## WHAT IS NEEDED
An exact transcription of all the data is required; the pictures are to be left out.

## RECORDED DATA
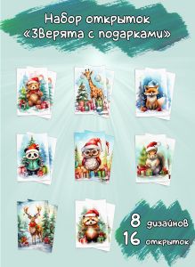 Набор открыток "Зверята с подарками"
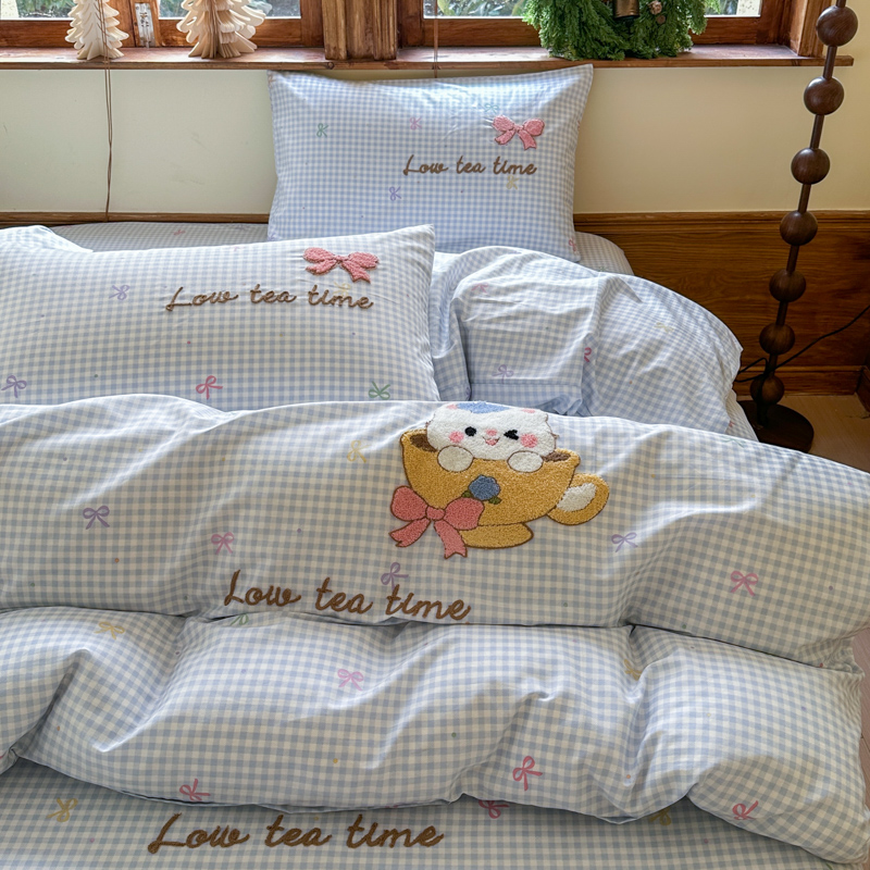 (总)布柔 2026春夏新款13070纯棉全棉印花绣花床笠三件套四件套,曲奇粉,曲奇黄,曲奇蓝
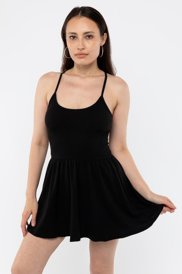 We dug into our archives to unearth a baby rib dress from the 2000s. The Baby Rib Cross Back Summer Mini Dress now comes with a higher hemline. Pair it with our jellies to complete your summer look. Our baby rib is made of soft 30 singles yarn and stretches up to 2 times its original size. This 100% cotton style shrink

## FINAL ANSWER
 Набор открыток "Зверята с подарками"
 (总)布柔 2026春夏新款13070纯棉全棉印花绣花床笠三件套四件套,曲奇粉,曲奇黄,曲奇蓝
 We dug into our archives to unearth a baby rib dress from the 2000s. The Baby Rib Cross Back Summer Mini Dress now comes with a higher hemline. Pair it with our jellies to complete your summer look. Our baby rib is made of soft 30 singles yarn and stretches up to 2 times its original size. This 100% cotton style shrink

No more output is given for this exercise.